Tunbridge Wells 1/2 Marathon. 15th February 2009
That was, without doubt, the closest I have been to total hell in the 34 years I have been on God`s earth.
We can skip past the fact that anyone wanting to run for 13.1 miles might be slightly unbalanced but to run one with two mile long hills as steep as a the sides of the Eiffel Tower must be loco on a different level.
I live in Sussex, I know the countryside, I run through the countryside. These cannot be that bad, I have, after all, run up many hills on a Sunday afternoon this year. Turns out that those weren`t hills, more like bumps in the landscape by comparison to today.
I knew I was in trouble when I started off at too fast a pace and after the first few inclines my mind started to ask questions like "if these aren`t the big hills, what lies ahead?". My pace reduced significantly, only the uplifting scenery picked me up and that carried me through the first 4 or 5 miles. And what really open, beautiful scenery it was too I could keep running like this all day. You could see far and wide, greenery everywhere, river beds and mountain tops - oh, dear Lord no...we are not running up that are we? Perhaps it is just there to scare us? There were certainly enough children at the side lines in tears but as the local vicar made the sign of the cross and bowed his head I took one heck of a deep breath and made my ascent (if only I had brought the oxygen).
Now just under 2 1/2 miles of steep hill doesn`t feel like much when in the car but out in running terms it was going to be just over 25 mins of tread from my trainers. I set to it. After a while of real hardship it flattened out - magic I thought, good show, cracking job, let`s get on with the rest of the race 8 miles done and 5 and a bit to go. Come on....hang on didn`t that marker just show 7 miles? But I thought the worst bit was shown between 7 and 8 miles and I have just done that, surely? My heart sank as we turned a corner and something I would usually have taken a ski lift up and classed a black run, stared back at me.
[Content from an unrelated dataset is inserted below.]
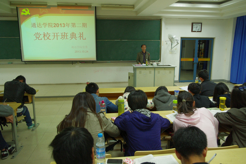 10月24日晚,完美官网在南京仙林校区教3-101教室举行了学校第230期(学院2013年第二期)党校开学典礼。完美官网党委书记季小健出席开学典礼,给来自通达学院的113名学员作了动员讲话并为学员们上了第一堂党课,学院2010、2011级全体辅导员参加了开学典礼。开学典礼由通达学院党委组织干事解厚荣老师主持。

If roads could pass comment I beleive it would have been laughing at me.
The next ten minutes have been consigned into my memory as one of the most painful and knackering as any 13.5 stone semi-fit chap with a liking for crisps can endure. There was going to be a lot of comfort eating tonight and it wouldn`t stop at the first packet, or the third. I just hoped I was going to get home without a lift from the St John`s ambulance.
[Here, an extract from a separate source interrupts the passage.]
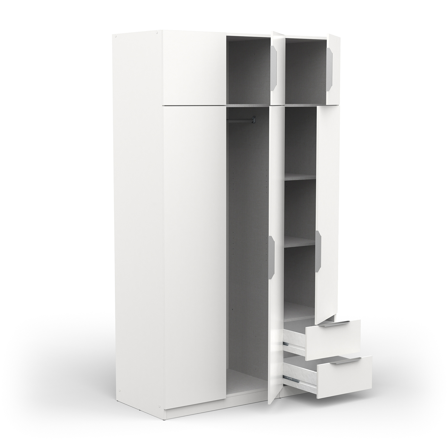 barevné provedení bílá prostor dělený v poměru 2:1, v levé části šatní tyč v pravé části 2 police a 2 zásuvky s kovovými pojezdy v horní části dva úložné prostory maximální nosnosti uvedeny v návodu k montáži

To top matters not far from the summit "Spiderman" steadily ran past me, without a whisper of unease coming out of his mask.
After this ordeal the rest of the race paled into insignificance and my mantra of "one foot after the other" came in to play from the 10 mile marker onwards.
There was no sprint finish for me this time and I have to thank the local support and last "downhill" mile to getting me home.
Somewhere in Tunbridge Wells there is a hidden mountain, you won`t find it on a map but it`s there and I intend to keep well clear in future.